There seems to have been a fair amount of sound and fury in relation to this Bill providing for increased health contributions and one must, I think, look at the matter in the context in which it arises. One can see that the present contribution of £7 per year or 13p per week has been in existence since 1971 and there is no doubt that the cost of the health services has almost doubled since 1971-72. This has been partly due to increased costings and partly to improved services and I think we should take a realistic view of this contribution which is now asked for of 26p per week or £12 per annum. In effect, what these contributors are asked to pay is less than the price of 20 cigarettes per week and bearing in mind the increased and better services, it is a small amount to ask people to pay. I know that times are difficult and costs have risen right across the board but for people to get excited about the fact that they are being asked to pay less than the price of 20 cigarettes per week just does not seem sensible, having regard to the excitement that is being generated from the Opposition benches.

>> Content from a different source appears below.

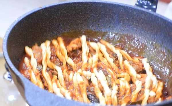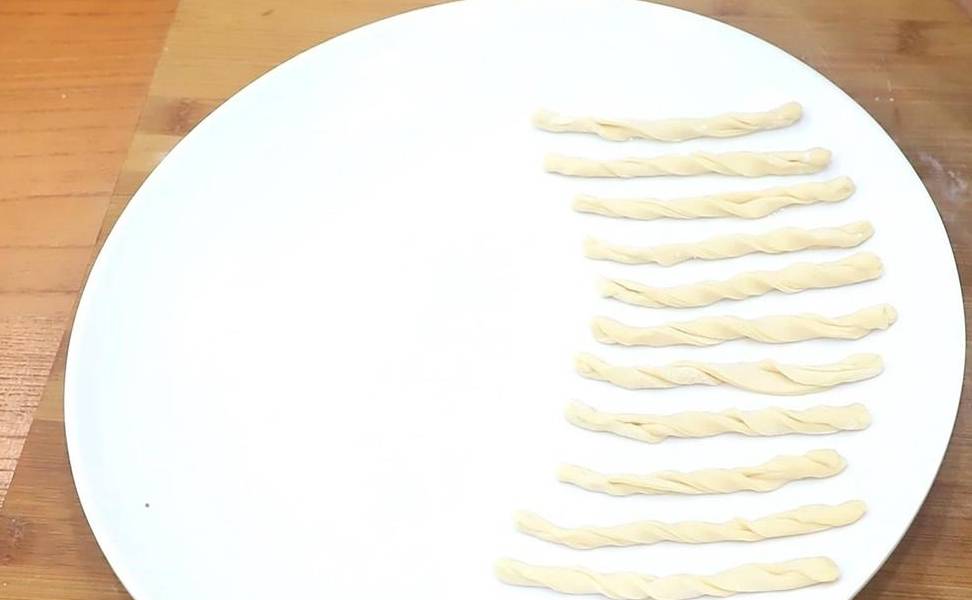 然後把面片從中間切開,再改刀成一厘米寬的長條,再把面條抻長對折起來,如下圖所示那樣搓成麻花狀即可。

The health contribution to date brought in £5 million per year and this will bring in £3½ million, and if one estimated it, one would probably find that the actual benefit which people in this category receive when related to what they are asked to contribute is something like 10 per cent, if even that. As the Minister rightly pointed out, the contributions to date bear very favourable comparison with those required in other voluntary insurance schemes, be they run by private institutions or by the Voluntary Health Board. I personally have always been an advocate of contributions towards mental services and I think that viewpoint is gaining strength in the country. One hears a lot of criticism about people wastefully and unnecessarily availing of medical services. If there is this situation, it means that unnecessary and increased costs are being visited on the nation and this ultimately has the effect of restricting the availability of health services, institutional or otherwise, which could be made for the rest of the nation and preventing other categories being brought in for what one might call subsidised benefits.

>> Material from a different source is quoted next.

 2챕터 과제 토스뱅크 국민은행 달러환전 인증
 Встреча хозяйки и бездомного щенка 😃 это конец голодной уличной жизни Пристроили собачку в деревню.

One must look at this Bill in the light of the Estimate for the Department. One sees that the Estimate shows a 40 per cent increase and this means that money has to be found. The average person today would not be prepared to accept the medical services and the medical treatment provided ten years ago. People now demand a better standard of treatment and they demand services on a much wider scale than were heretofore considered sufficient. I was glad to hear the Minister when introducing his Estimate refer to community care.
I can look at medicine from what is a slightly privileged position being the son of a family doctor. I can see the tremendous improvements that have occurred in medical science. Cases that were utterly hopeless and untreatable, except in a palliative sense, are now treatable; conditions that would have incapacitated people years ago can now be corrected and those treated can live normal lives. I was very impressed on visiting a hospital outside the city environment to see people well over 70 years of age undergoing major bone surgery, people who prior to treatment were hardly able to move. They had every guarantee that, if they underwent major surgery, they would be vastly improved physically but, even more important, they had every guarantee they would survive the surgery. This is just one piece of evidence of the improvement in medical care and medical surgery. Many of my constituents have availed of the service in the hospital to which I refer. They pay the contribution of £7 a year under the Health Act. In return they are provided with a truly wonderful service for this very small sum. I am a contributor to the VHI because I do not come within the £7 a year category. I do not begrudge the money I pay to the VHI though the contributions are a great deal higher per capita than would be the case if I were in the category paying £7 a year. This bears out what the Minister said; the requirements of this Bill compare very favourably with the payments under the voluntary health insurance scheme.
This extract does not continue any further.